The Scriptural reference is to Genesis 1:28, in which God tells the newly-created Adam and Eve: "Be fruitful and miltiply, and fill the earth and subdue it; and have dominion over the fish of the sea and over the birds of the air and over every living things that moves upon the earth". (RSV)
There are other religious interpretations of this besides "humans should do anything they feel like to other animals" (my words, not Smith's). God's injunction in Genesis can also be read as stewardship, which includes a strong sense of responsibility. Poisoning the air and water and melting the polar icecaps so that coastal cities around the world are submerged under water Atlantis-like does not strike most people as responsible stewardship.
Avivah Gottlieb Zornberg addresses this concept in her book, The Beginning of Desire: Reflections on Genesis (1995). She focuses at one point on the meaning of Adam's "standing" as it has been interpreted in the Jewish midrash, the body of stories and interpretations elaborating the Biblical texts:
... Adam occupies a vantage point from which he sees not only the stars, but all created beings on earth. He can see downwards as well as upwards, he is rooted in a reality which he can perceive and map.
Nothing is said to indicate that he sees the animals as minuscule, but clearly they see him as awesome in his verticality. They assume, indeed, that he is their creator. That is, man knows himself as conspicuous, self-conscious, not an indigenous part of the world of nature. There is danger and fear in the loneliness of this position, the hazard of hubris. For what the animals perceive is something truly Godlike. In standing, he is the equivalent, in the lower world, of the angels. Sardonically, [Elias] Canetti writes: "We always overrate the man who stands upright. ... Because standing is ... the antecedent of all motion, a standing man creates an impression of energy which is as yet unused." The reserves of possibility signified by the standing position may be something of an illusion, Canetti suggests. We see Adam's godlikeness, here, from the viewpoint of the adoring animals.

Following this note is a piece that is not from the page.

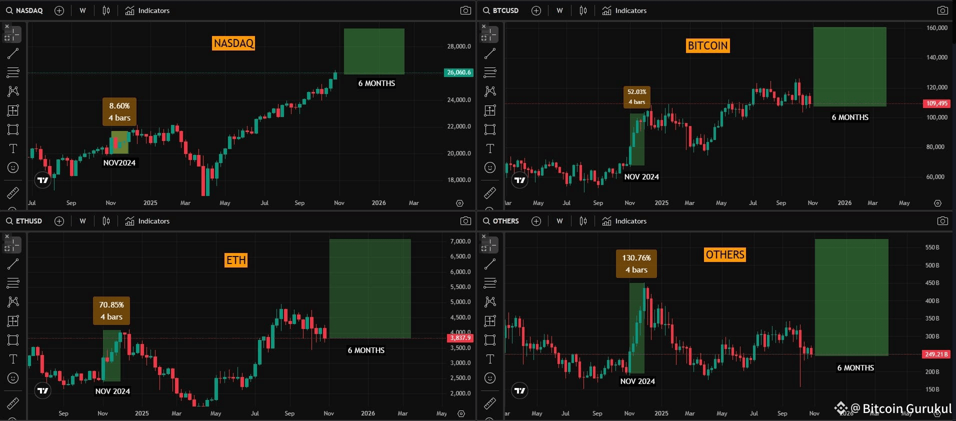 Look at November 2024. NASDAQ climbed 8.6%. Bitcoin surged 52%. Ethereum jumped 70%. Altcoins exploded 130%. These weren't separate events—they were chapters in the same story, written in different languages but following the same plot.

But the authentic greatness of Adam emerges in his response. He abandons his belfry grandeur and proclaims a common identity with the animals as created beings who owe adoration to an invisible Creator. And he does this in no obsequious humility but in a paradoxical perception that "to stand in the presence of God" is precisely to achieve full "majesty and strength." In voluntary acknowledgment, firstly of the vast gamut of created life ("How many are Your works, O God!") and then of the ultimate coherence under God of this "pied beauty," Adam becomes most Godlike. He makes common cause with the animals (lit., I and you, let us go put on majesty), but he, in fact, goes first and alone.
The paradox consists of Adam's diminishing himself — surrendering a speciously Godlike role and assuming an authentic one. The paradigm for this is the enigmatic rabbinic statement: "Wherever you find the greatness of God, there you find His humility." Power and humility are both implicit in this vision of Adam standing in the presence of God: "man in his wholeness wholly attending." (my emphasis)
Of course, when you are trying to read Genesis as a 21st-century science textbook, you have a tendency to miss stuff like that. The religious stuff, that is, the real point of the Bible.